Thanks a million, Mangy!

This is very useful and helped me.(Fow now there are no WebRTC leak or DNS leak with my openVPN as I had checked it)

However, this remind me another problem:

I found there may be a transparent DNS proxy from my ISP, even though I set my laptop (Debian) using Google's DNS as well as on my router's DHCP settings.

It turned out to be useless when I got a test on https://www.dnsleaktest.com/ -- still the DNS server from my ISP.....

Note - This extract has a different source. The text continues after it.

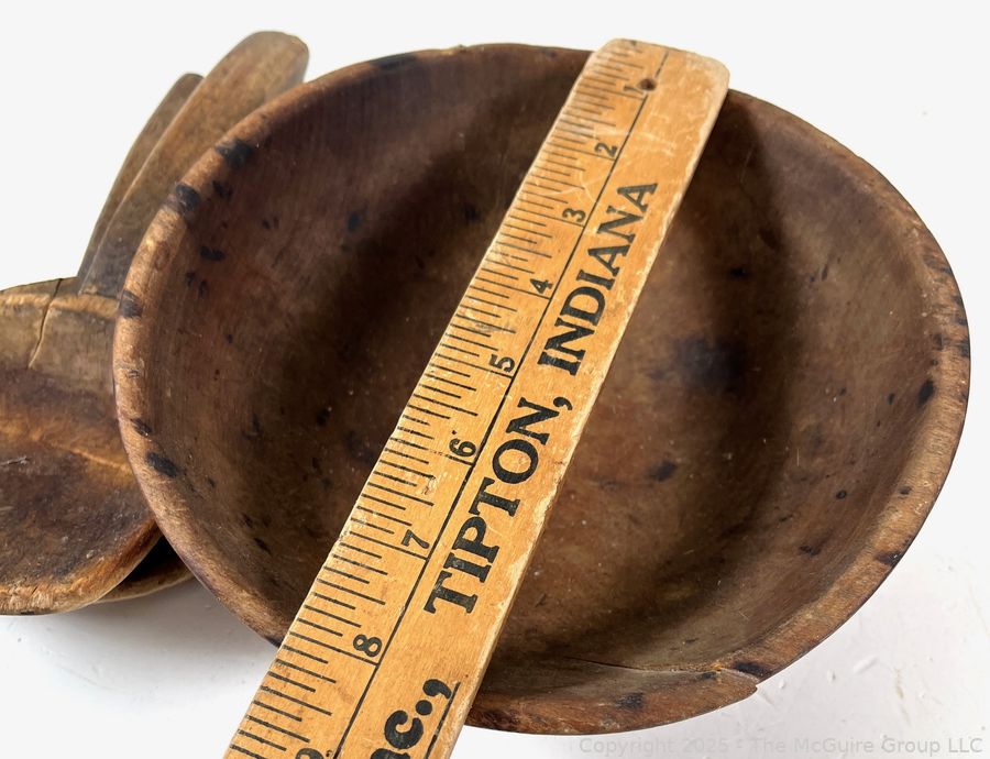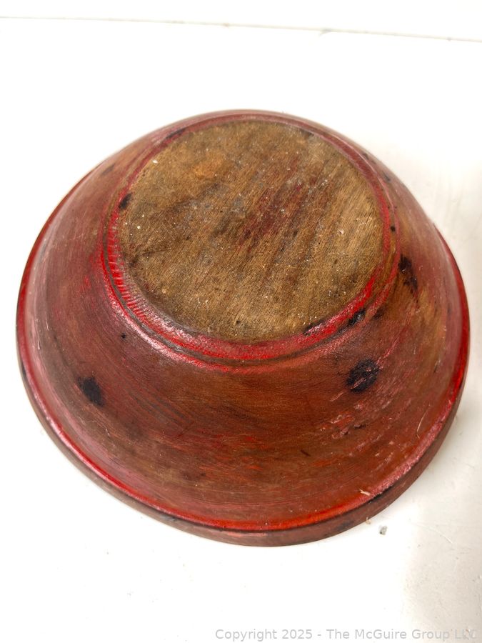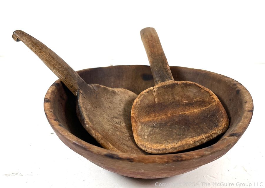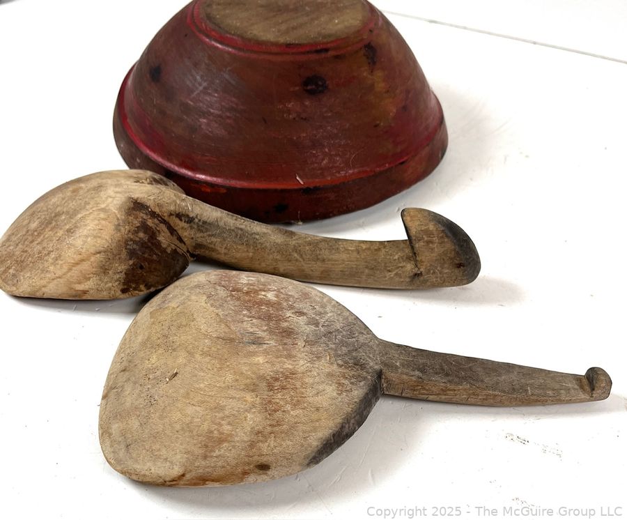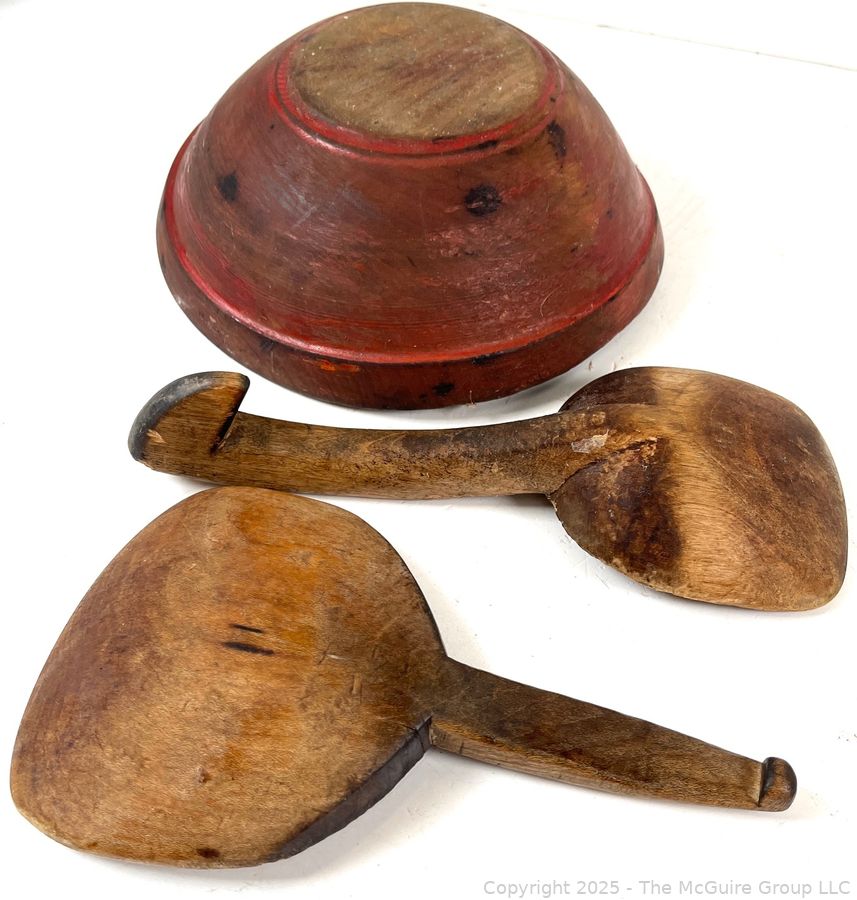 Lot #1003RM: Wooden Bowl with Original Paint and 2 Butter Paddles Treenware
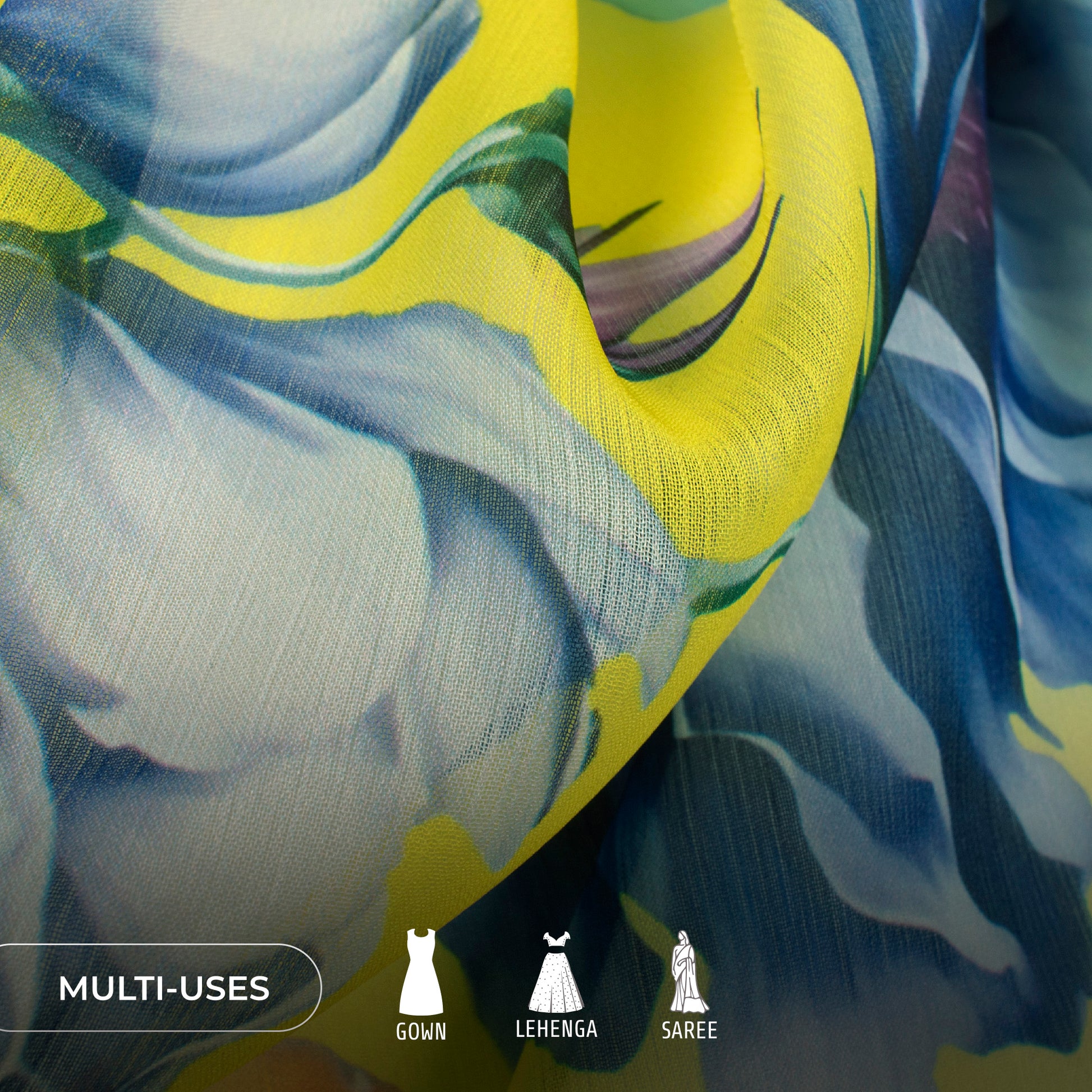 Chiffon is considered as a fabric for customization and the S-&-Z twisted yarns are to be credited for that. It offers a slightly crumpled shine, sheer and silky texture alongside. Explore the ultra-gorgeous collection that holds refreshing plain and contemporary Printed Chiffon.It is used in making, casual wear, tops, dresses, lehengas, sarees, Dupatta etc.

sad...is it really unavoidable ? (if without using a VPN)

Gracias

Mangy Dog

I am a member!

I am a translator!

Offline
Beigetreten: 03/15/2015

This may help
DNS configuration
https://www.howtoforge.com/debian-static-ip-address

GNUser
Offline
Beigetreten: 07/17/2013

I don't want to sound rude, but this was my thread, which got hijacked :-P
Seriously though, I am happy GNUsercn got his answer, could someone please try to answer the original post?
Thanks

GNUsercn
Offline
Beigetreten: 10/13/2015

I'm so sorry

GNUser
Offline
Beigetreten: 07/17/2013

Don't be :)
I am just hoping someone will actually help me too.
I am glad your issue is now solved :)

SuperTramp83

I am a translator!

Offline
Beigetreten: 10/31/2014
GNUser
Offline
Beigetreten: 07/17/2013

LOL :-P

Mangy Dog

I am a member!

I am a translator!

Offline
Beigetreten: 03/15/2015

lol...
SuperTramp83 or Crocodile Dundee ??!

GNUuser i'm no network specialist and there is some by far more experienced members here that use iptables and have webservers ect.

Port 53 is DNS
80 443 HTTP/HTTPS
https://en.wikipedia.org/wiki/List_of_TCP_and_UDP_port_numbers

http://blog.simple-help.com/2011/12/ports-vs-protocols-80-and-443/

Quote:DNS can’t tell you what port a web server is on, only the IP address, so your browser always has to assume that the web browser is going to be there on port 80. When you have another protocol like HTTPS, it specifies its own default port (443) so that means when you use HTTPS to connect to a website your browser is again always going to have to just assume its going to be there on port 443.

https://doc.pfsense.org/index.php/Blocking_DNS_queries_to_external_resolvers
https://unix.stackexchange.com/questions/209926/how-to-check-my-dns-chain

GNUser
Offline
Beigetreten: 07/17/2013

Thanks for your reply anyway.

From the looks of it, I think blocking port 53 should be enough. BUT not sure.

Mangy Dog

I am a member!

I am a translator!

Offline
Beigetreten: 03/15/2015

You can do a tcpdump on Port 53

# tcpdump -n -s 1500 -i eth0 udp port 53
Ex:I opened Synaptic Package Manager & clicked on Reload

root@Host-001:# tcpdump -n -s 1500 -i eth0 udp port 53
tcpdump: verbose output suppressed, use -v or -vv for full protocol decode
listening on eth0, link-type EN10MB (Ethernet), capture size 1500 bytes
17:50:56.418269 IP xxx.x.x.xx.60188 > xx.x.x.x.x: 18737+ A? archive.gnewsense.org. (39)
17:50:56.418687 IP x.x.x.x.60188 > x.x.x.x.x: 31483+ AAAA? archive.gnewsense.org. (39)................ect

http://serverfault.com/questions/243877/how-to-monitor-traffic-at-port-53-dns

https://nsrc.org/workshops/2005/pre-SANOG-VI/bc/dns/dns1-02-exercise.html

http://www.binarytides.com/tcpdump-tutorial-sniffing-analysing-packets/

GNUser
Offline
Beigetreten: 07/17/2013

Tried to install tcpdump and synaptic warned me that the package couldn't be authenticated!
Could it mean a problem with Trisquel repo??